Concealed to Revealed: Confronting Racist Imagery in Museum Collections
On November 12th, 2024, the Art & Museum Studies Program in partnership with Tudor Place hosted Concealed to Revealed: Confronting Racist Imagery in Museum Collection. This panel discussion was held in Lauinger Library and preceded by a viewing of objects with racist imagery from the collections of Georgetown University, Tudor Place, and the private collection of LaNitra M. Berger.
The panelists discussed how scholars and museum professionals approach these objects and how examining this imagery can address historical injustices and foster dialogues about race, representation, and prejudice, both past and present.

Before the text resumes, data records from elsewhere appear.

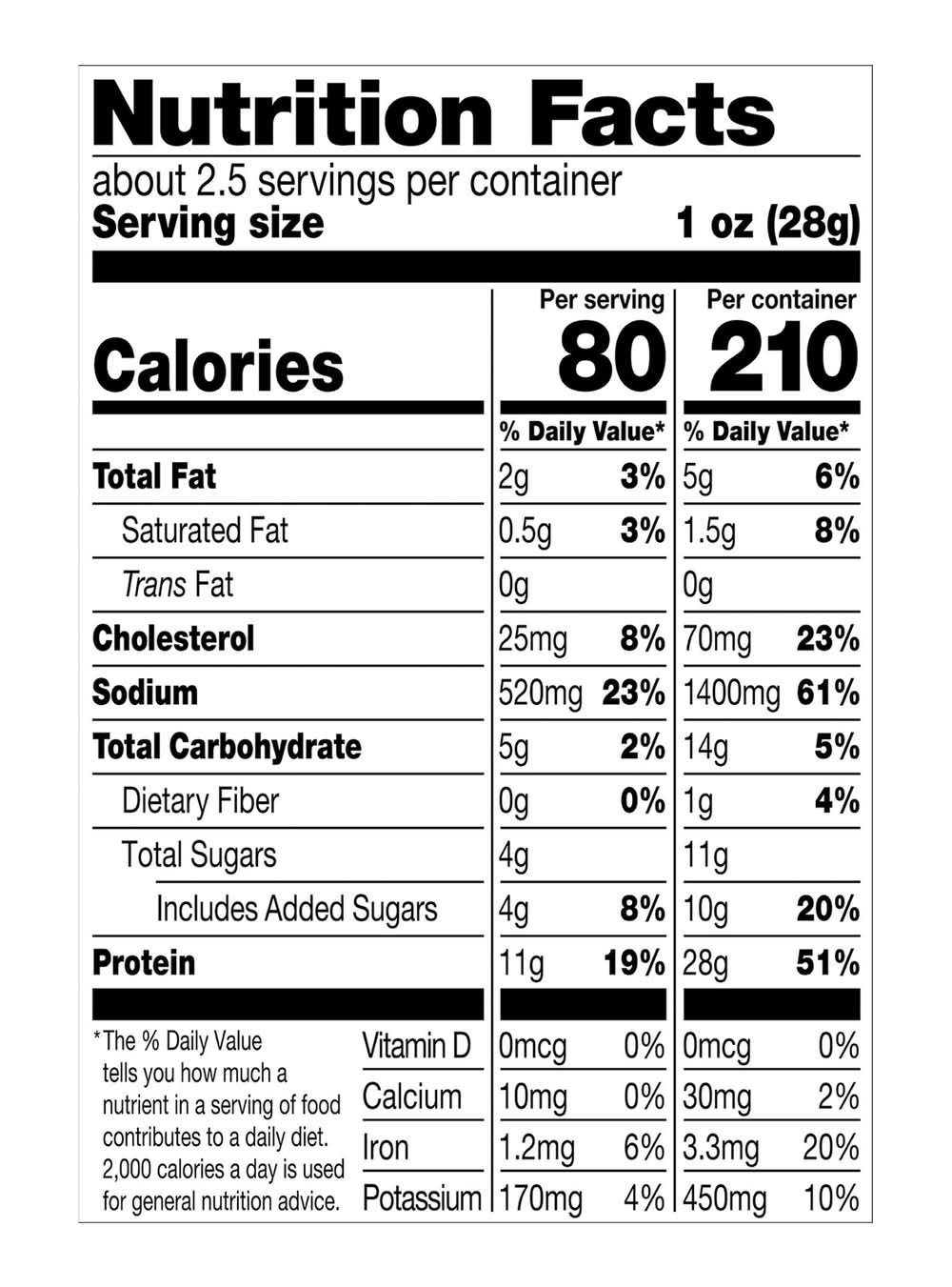 Ingredients: INGREDIENTS: Beef, Water, Sugar, Contains 2% Or Less Of Salt, Chili Pepper, Corn Syrup, Monosodium Glutamate, Flavors, Hydrolyzed Corn Protein, Yeast Extract, Dehydrated Tomato, Latic Acid, Pineapple Powder, Sodium Nitrite Contains: Corn
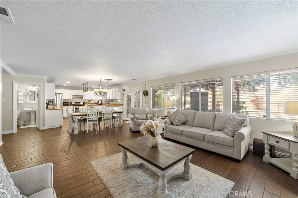 Tucked quietly at the end of a peaceful cul-de-sac, where traffic fades away and privacy begins, this remarkable residence opens like a hidden retreat designed for both comfort and celebration. From the moment you arrive, the extra-wide driveway and graceful palms create a sense of arrival—an inviting prelude to the exceptional home and beyond to a private oasis backyard with pool, spa and custom waterfall plus beautiful wood patio cover.
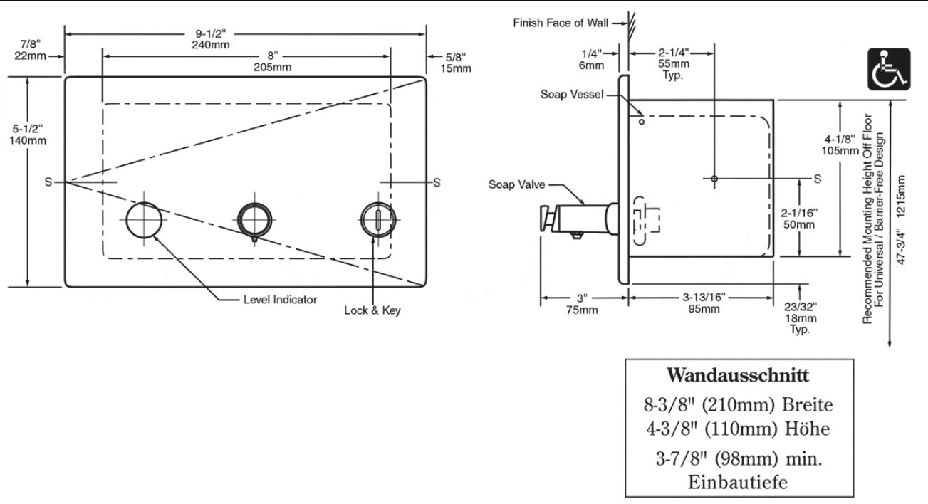 Wandöffnung: 215 mm (B) x 110 mm (H) x 100 mm (T)
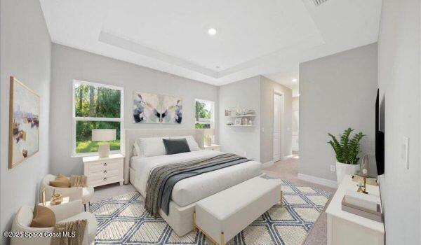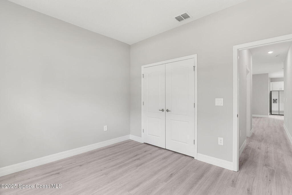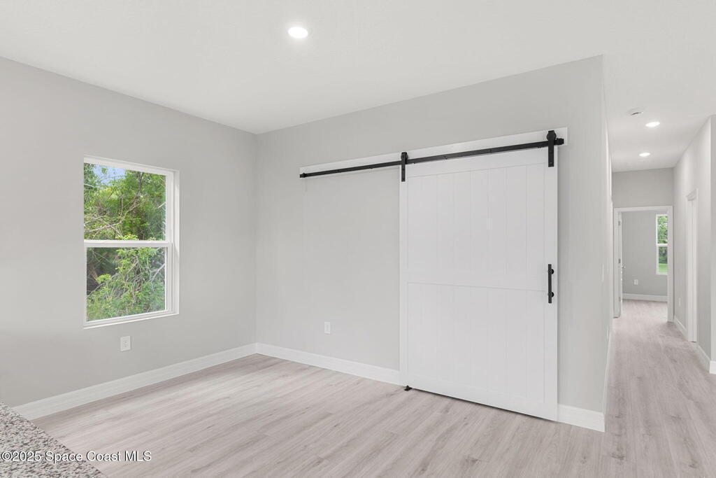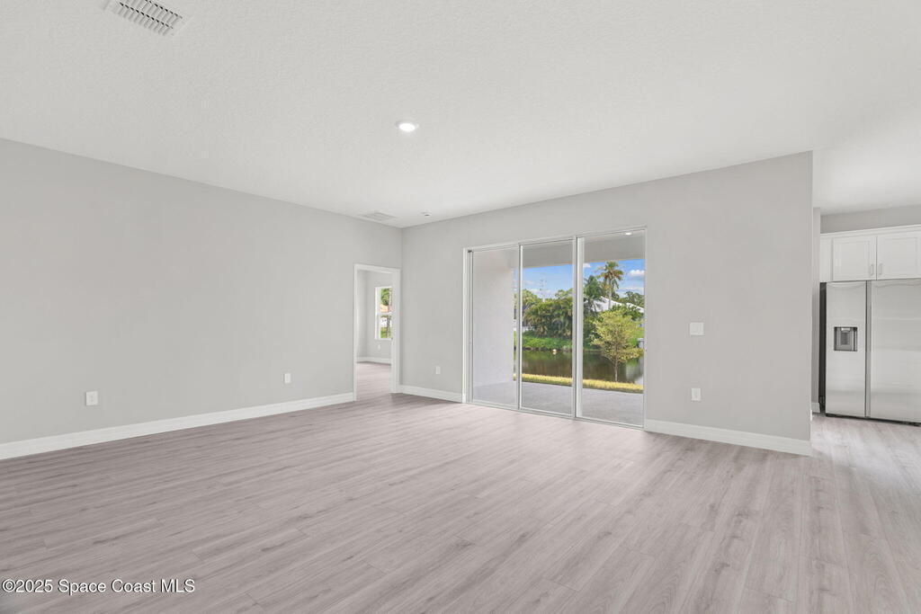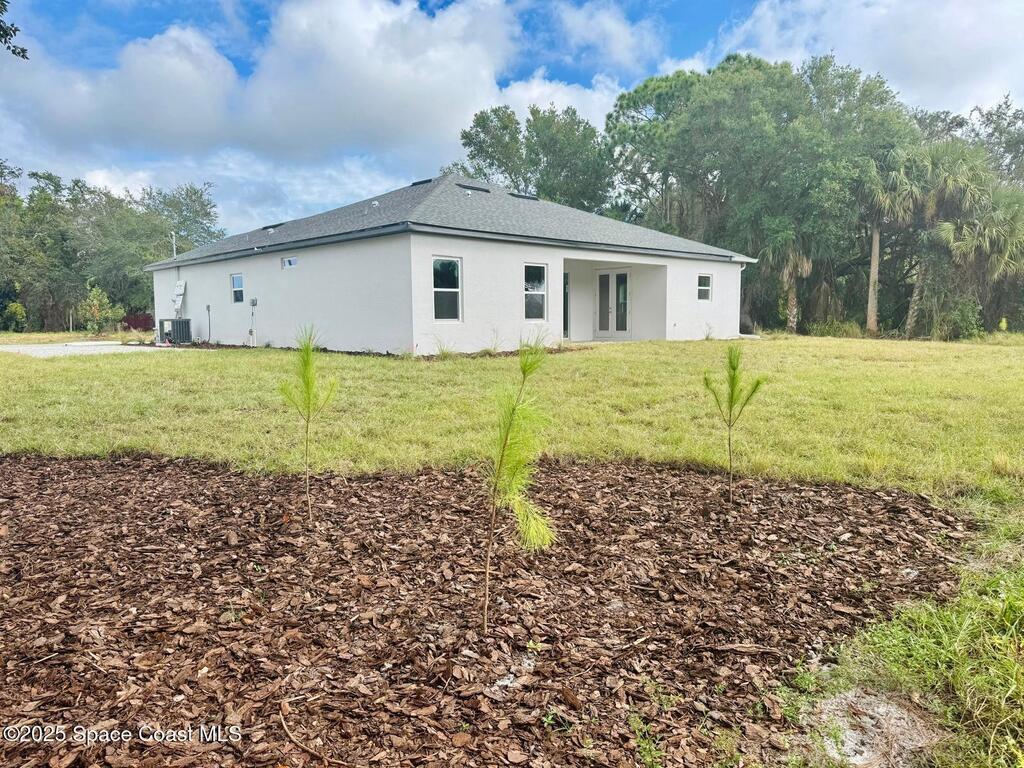 This stunning 4-bedroom, 3-bath, 2,092 sq ft home sits on an oversized 0.34-acre corner lot with a pond and canal behind and on the side, offering rare water views and beautiful sunrises and sunsets. The property features a custom curved paver driveway with RV/boat parking, city water, septic, and FPL service. Inside, enjoy 9'4'' ceilings, LVP flooring throughout (That's right no carpet), and a chef's kitchen with white cabinets, Calacatta quartz countertops, Samsung stainless steel appliances (washer & dryer included), and a white subway tile backsplash with dove-gray grout. The home includes a frameless master shower, glass front door, upgraded Maxim lighting, and Moen chrome fixtures. Exterior upgrades include Shadow Grey shingles, black drip edge, Blue Ridge Cobble stone, and beautifully customized and fully irrigated landscape. A rare blend of premium finishes, modern design, and exceptional waterfront living for maximum privacy.

You can view a recording of the program on the YouTube page for Tudor Place below.
Moderator:
Melanie A. Adams, Roger Ferguson, and Annette Nazareth, Director of the Smithsonian’s Anacostia Community Museum. She has more than 25 years of community engagement experience in museums and higher education.
Panelists:
LaNitra M. Berger, Associate Professor of History & Art History, and Director of African and African American Studies at George Mason University. As an art historian, her research focuses on the intersections of art and social activism in the Black and Jewish diasporas.
Ianna Recco, Curator and Art Historian specializing in art history of the transatlantic slave trade and settler colonialism of the 18th century.
Shana Klein, Associate Professor of Art History at Kent State University. She is the author of The Fruits of Empire: Art, Food, and the Politics of Race in the Age of American Expansion.